他的嘴角越咧越大,說話的語氣充滿了愉悅:“包括外邊死掉的那些血屍,也有一部分保留著意志。”
“是你殺了他們。”
董助神情一變,做義正言辭狀:“你就是抹殺了他們肉體和意志的人,你這個殺人凶手!”
義正言辭的斥責,然後又轉為愉悅:“來,現在已知道他們還是活著的,並不只是屍體,那麽問題來了。”
“要不要殺?要不要救?救了之後是不是要進一步施救?扭轉血屍化可是幾乎不可能的哦。”
“譏譏譏,你可是他們眼中的救星,拯救人於水火之中的英雄啊,來選擇吧,英雄先生。”
救或不救。
要是道德高尚的人還真就麻了,密密麻麻的都是問題。
董助對道德高尚的人來說真的是噩夢般的出題人。
首先就是之前殺掉的血屍,其中存在的一部分還有著人的意識,雖是不知真相的誤殺,但毫無疑問這就是殺人。
會給好人背上道德包袱。
然後就是這個房間裡,現存的二十多個血屍。
對於好人來說是必救的,但肉眼可見的,董助會把他們當肉盾。
就算僥幸救下了幾個,也要面對壽命只剩一天,要不要花費大代價,進一步施救的選項。
進一步施救也不一定能救活,或者說,花費了大代價,依然救不活才是正常。
而且這些人都是經過挑選的爛人,真排除萬難救了也不會被感謝。
相反,要是隻把生命延續幾個月,幾年,這種不徹底施救的話,還會反過來被責怪。
太過分。
真的是君子欺之以方。
要是君子,怕是要被吃到死。
“一……天?”
“怎麽可能,肯定是假的!”
“喂,你,想想辦法啊!”
嘈雜聲出現了改變,還有命令劉玉想辦法的,只能說物種的多樣性。
“聒噪!”
董助只是一聲,聲音就都不見了。
雖然還保留著意志,但肉體的操縱權卻在董助的手上。
他只是打了個響指,血屍們就通通閉嘴,擋到他的身前,向著劉玉的方向開槍。
攻擊,他們會死,不攻擊,會被攻擊。
這是最惡心的一點。
但這惡心不到劉玉。
劉玉毫不猶豫的扔出數枚光彈轟炸!把半個房間都炸塌了,血屍自然也是屍骨無存。
董助從廢墟中爬起,把磚石灰塵都分到兩邊。
他整個人都亞麻呆住:“你……”
果斷的動手讓他這個血屍的製造者都目瞪口呆。
劉玉見了,淡淡道:“你還沒死啊。”
說著,又扔出數個光彈。
這一次,光彈的爆炸把房間整個轟塌,這個轟塌,不只是上面和側面,還有下面。
兩人順著粉碎的地板往下掉,掉到七層。
兩人都沒事。
董助身上是有著臨仙會授予的護身符,雖然,兩次爆炸差不多把護身符的力量都耗盡了,但沒事就是沒事。
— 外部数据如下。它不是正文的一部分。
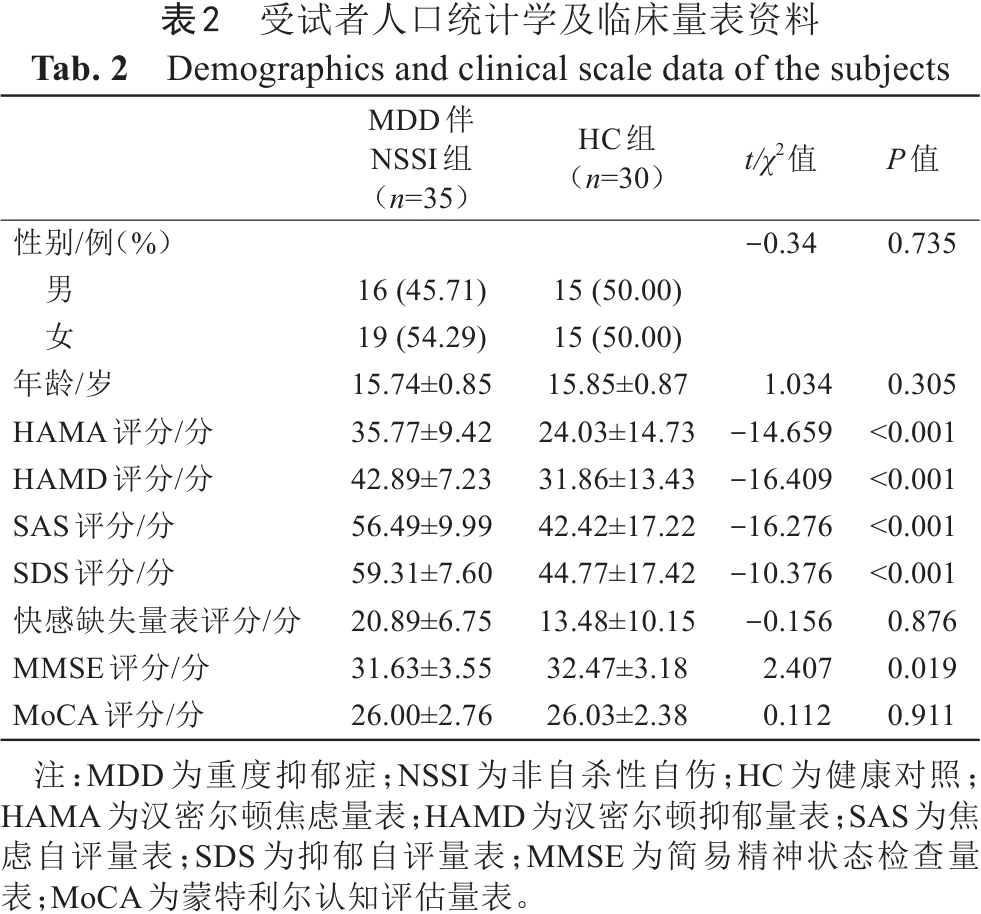 本研究前瞻性纳入了2023年12月至2024年11月在兰州大学第二医院就诊并诊断为MDD伴NSSI的青少年患者35例,其中男11例,女24例。通过广告方式招募与NSSI患者性别、年龄相匹配的健康青少年30例作为健康对照(healthy control, HC)组。本研究遵守《赫尔辛基宣言》,经过兰州大学第二医院伦理委员会批准,批准文号:2023A-275。全体受试者均签署了知情同意书。
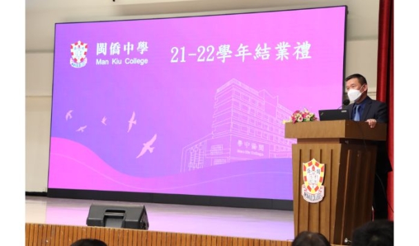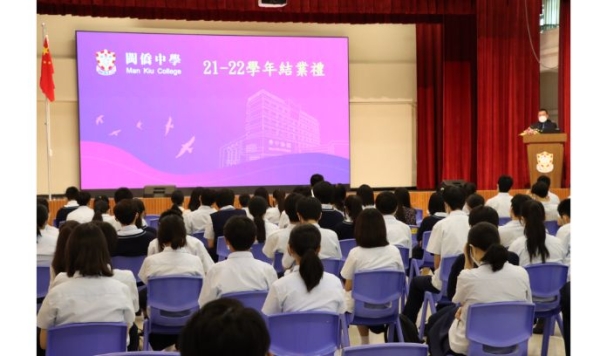 結業禮中,校長訓勉同學繼續努力學習,並頒發各項學業獎和個人發展獎勵計劃金獎予本學年有優異表現的學生。
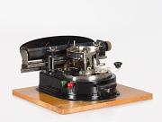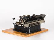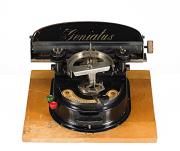 Schreibmaschine Geniatus; auf Holzbasis montiert Eigenschaft: Zeiger/Eintaster, Segment mit Typenband aus Gummi (90 Zeichen), Vorderanschlag, doppelte Umschaltung, Farbband, Seriennummer 12155
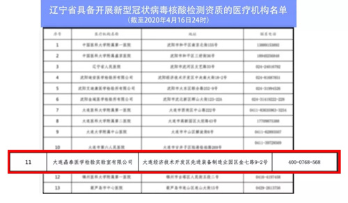 2月,晶泰医学通过辽宁省卫健委的技术审核,被指定为辽宁省卫健委新冠病毒核酸检测第三方医学检验实验室。
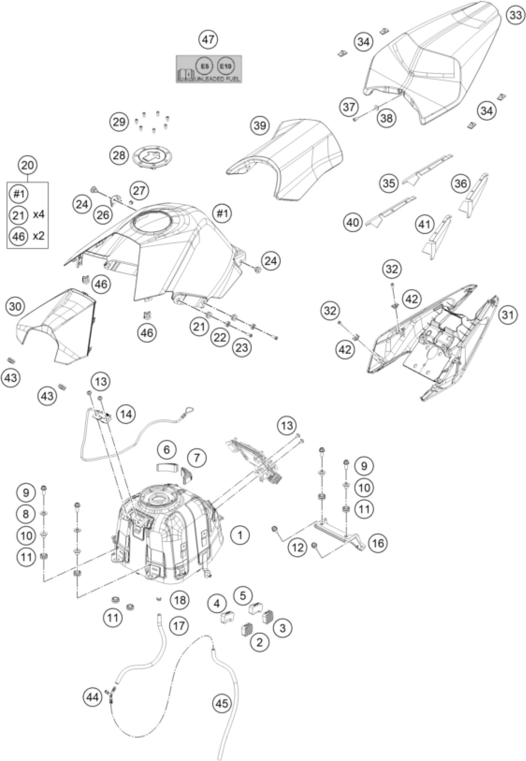 KTM RC 200, white, w/o ABS 2019 TANK, SEAT Diagram

人沒事,只是有點破防,他大聲喊道:“他們都是因為你而死的!”
劉玉繼續淡淡的:“不,他們是因為你而死。”
“與我無關。”
“擋在我面前的人,便只有死路一條!”
“所以,全部都是操縱他們擋在我面前的你的錯!”
董助聽了,搞得他反而像個正派一樣怒斥:“你是說你沒有錯嗎!?”
劉玉理所當然:“我如此強大,又怎麽會有錯?”
“要說有錯,那也是世界的錯!不肯受死的愚者的錯!”
愚者就錯在愚啊!反正打到最後都是一樣的結果還不肯乖乖跪下受死!非要抵抗一番!實在是愚不可及啊!
操縱他人擋在他面前,便是操縱他人的那人的錯!
憑借自主意志擋在他面前,便是憑借自主意識的那些人的錯!
無論如何,他是無錯的!
錯也是對!對更是對!
我拳頭大所以我是對的的道理深深震撼了董助,給他帶來了一點小小的劉玉震撼。
說震撼就震撼,沒有什麽好謙虛的。
在他亞麻呆住的時候,劉玉平淡的抬起手。
他的手上,一道符文繁雜的手環如飄帶般脫落,懸浮,化作一柄環繞身體遊動飛遁的飛劍。
這是看光彈不起作用,打算用飛劍來下狠的。
實際還是起作用的,至少第三次扔幾顆光彈過去,保準能炸死他。
但是這個信息劉玉不知道。
高估了對方的防禦力,所以也就上飛劍了。
只聽一聲:“去!”
飛劍就把董助的頭切下來。
身首分離,即斷董助之頭。
斷完又飛回來繞著劉玉飛行,一切都發生在電光火石之間,就像從沒出擊一樣。
強弩之末的護身符一點用都沒有。
這飛劍是如此之快,之利,頭顱滾地,無頭屍體噴血跪地,再倒下。
董助大概都沒反應過來,連痛苦都沒感覺到就掛了。
劉玉走近兩步,從他身上摸出報廢的護身符,迎著陽光看了看。
“製符啊……”
說實話,報廢的符籙沒什麽用,此符執行守護主人的目的直到最後一刻,忠實的履行了使命,故而報廢的也尤為徹底,完全沒法再用。
他拿出來看,也就是純粹好奇罷了。
見沒見過的東西,摸沒摸過的東西,這是人的本能,也是人的好奇心。
就在他以為塵埃落定的時候。
董助那個被切斷的頭顱卻飛了起來。
沒有身體,單就一個頭。
這個頭顱有一隻眼睛變得血紅,www.uukanshu.net還有一隻眼睛保持原樣,其聲音也有兩種音色,就像兩個人同時說一句話一樣。
這聲音,一個偏青年,也就是董助原本的聲音,還有一個偏中年,屬於未知聲音:“居然毫不留情的殺掉了血屍,真是出乎意料。”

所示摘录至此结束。